В отсутствие Бухарина, решившего не прерывать свой отпуск, Президиум ИККИ оформил сталинские «рекомендации» в форму постановления. Очевидно, Молотов недооценил остроту вопроса и поэтому не появился на заседании. Первую скрипку сыграл Куусинен, заявивший, что Тельман совершил не преступление, а ошибку, он не пытался скрыть скандал, а просто выжидал удобного момента для того, чтобы познакомить с состоянием дел в гамбургской организации все партийное руководство. Такое объяснение выглядело достаточно комично, что наложило свой отпечаток на результаты голосования. Трое из срочно прибывших из Берлина членов партийного руководства проголосовали против дезавуирования решения об отставке (Эверт, Пик и Эберлейн), трое поддержали Исполком (Геккерт, Ульбрихт и Реммеле)[1553]. Такой раскол уже никак нельзя было списать на «происки фракционных групп» — в дело пришлось вмешаться самому Сталину.
Личное письмо вождя ВКП(б) только что вернувшемуся на свой пост вождю КПГ выглядело как отеческое внушение или индульгенция, выданная после имевшего место недоразумения. Оно содержало лишь легкие упреки: «Я думаю, что из этого обстоятельства нужно извлечь урок. Во избежание могущих произойти в будущем недоразумений, необходимо изменить метод работы в руководящих органах так, чтобы не было впредь жалоб на отсутствие коллегиальности»[1554]. Можно не сомневаться, что отныне Тельман понимал, чьей милостью ему удалось сохранить свое место в руководстве германской компартии.

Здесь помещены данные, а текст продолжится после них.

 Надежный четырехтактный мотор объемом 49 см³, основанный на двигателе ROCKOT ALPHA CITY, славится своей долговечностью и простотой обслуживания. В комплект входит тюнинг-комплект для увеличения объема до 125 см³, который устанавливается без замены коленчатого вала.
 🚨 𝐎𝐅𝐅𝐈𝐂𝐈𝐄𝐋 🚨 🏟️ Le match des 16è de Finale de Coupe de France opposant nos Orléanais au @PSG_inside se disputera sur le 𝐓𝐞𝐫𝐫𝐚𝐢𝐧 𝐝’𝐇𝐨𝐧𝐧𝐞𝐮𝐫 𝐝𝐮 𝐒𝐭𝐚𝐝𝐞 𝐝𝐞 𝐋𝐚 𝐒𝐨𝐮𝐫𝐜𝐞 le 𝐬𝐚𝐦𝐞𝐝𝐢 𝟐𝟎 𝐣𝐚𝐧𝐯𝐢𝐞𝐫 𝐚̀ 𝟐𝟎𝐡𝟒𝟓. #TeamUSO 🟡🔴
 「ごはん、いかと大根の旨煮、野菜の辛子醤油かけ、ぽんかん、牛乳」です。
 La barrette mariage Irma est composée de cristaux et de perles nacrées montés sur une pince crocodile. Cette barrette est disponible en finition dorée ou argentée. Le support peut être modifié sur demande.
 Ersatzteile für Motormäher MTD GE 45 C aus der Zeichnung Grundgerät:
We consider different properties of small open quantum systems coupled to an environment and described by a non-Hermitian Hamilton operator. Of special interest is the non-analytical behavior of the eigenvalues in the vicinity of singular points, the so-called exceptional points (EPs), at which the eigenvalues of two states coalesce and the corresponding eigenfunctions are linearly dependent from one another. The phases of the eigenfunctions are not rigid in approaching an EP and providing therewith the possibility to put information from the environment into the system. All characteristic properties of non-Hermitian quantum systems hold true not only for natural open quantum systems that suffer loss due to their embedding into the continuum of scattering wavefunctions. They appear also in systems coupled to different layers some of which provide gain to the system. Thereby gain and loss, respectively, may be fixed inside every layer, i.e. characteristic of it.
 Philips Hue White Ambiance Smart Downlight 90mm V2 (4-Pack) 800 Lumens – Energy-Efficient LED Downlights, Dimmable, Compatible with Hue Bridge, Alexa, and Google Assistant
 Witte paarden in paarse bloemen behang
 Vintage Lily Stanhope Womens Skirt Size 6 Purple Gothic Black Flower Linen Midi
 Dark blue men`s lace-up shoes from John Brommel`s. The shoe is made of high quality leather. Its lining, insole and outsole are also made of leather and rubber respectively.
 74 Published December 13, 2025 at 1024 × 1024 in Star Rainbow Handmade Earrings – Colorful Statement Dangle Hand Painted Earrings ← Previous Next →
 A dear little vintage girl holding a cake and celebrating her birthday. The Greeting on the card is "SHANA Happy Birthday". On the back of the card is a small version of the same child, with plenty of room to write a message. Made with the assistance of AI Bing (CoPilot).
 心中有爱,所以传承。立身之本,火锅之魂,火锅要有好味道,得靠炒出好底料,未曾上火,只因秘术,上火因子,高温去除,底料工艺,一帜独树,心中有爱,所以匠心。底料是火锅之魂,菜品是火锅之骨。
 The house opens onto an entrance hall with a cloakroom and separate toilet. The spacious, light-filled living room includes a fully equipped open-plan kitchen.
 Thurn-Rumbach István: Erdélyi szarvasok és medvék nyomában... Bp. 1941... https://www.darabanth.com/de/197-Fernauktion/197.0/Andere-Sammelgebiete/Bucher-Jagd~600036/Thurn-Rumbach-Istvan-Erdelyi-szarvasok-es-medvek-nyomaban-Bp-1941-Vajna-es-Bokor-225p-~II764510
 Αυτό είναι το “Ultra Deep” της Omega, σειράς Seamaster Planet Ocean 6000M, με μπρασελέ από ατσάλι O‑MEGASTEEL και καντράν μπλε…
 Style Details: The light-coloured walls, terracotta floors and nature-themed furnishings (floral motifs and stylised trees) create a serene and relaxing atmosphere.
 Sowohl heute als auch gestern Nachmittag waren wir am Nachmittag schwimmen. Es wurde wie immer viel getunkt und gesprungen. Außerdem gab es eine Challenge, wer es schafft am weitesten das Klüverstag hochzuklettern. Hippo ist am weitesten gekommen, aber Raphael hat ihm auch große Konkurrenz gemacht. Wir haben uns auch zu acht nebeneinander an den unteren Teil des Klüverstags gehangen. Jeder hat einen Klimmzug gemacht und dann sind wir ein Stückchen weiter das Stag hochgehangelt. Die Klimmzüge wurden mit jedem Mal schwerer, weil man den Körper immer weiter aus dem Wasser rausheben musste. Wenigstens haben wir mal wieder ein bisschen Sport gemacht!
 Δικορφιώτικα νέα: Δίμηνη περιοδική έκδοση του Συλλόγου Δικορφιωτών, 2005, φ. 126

В то время как сталинские кадры в Коминтерне вели активную организационную работу, ориентируя не только КПГ, но и другие легальные компартии на исключение «правых уклонистов», Бухарин, все еще признанный лидер международного коммунистического движения, выбрал тактику бойкота. Вернувшись из отпуска, он перестал работать в «Правде» и ИККИ, будучи уверенным в том, что его рано или поздно позовут обратно. Примерно так же несколькими годами ранее рассуждали и Троцкий, и Зиновьев. Своим соратникам Бухарин оказал медвежью услугу, оставив их один на один с мощным аппаратом, который к концу 1928 года провел всю подготовительную работу для появления на авансцене первых лиц.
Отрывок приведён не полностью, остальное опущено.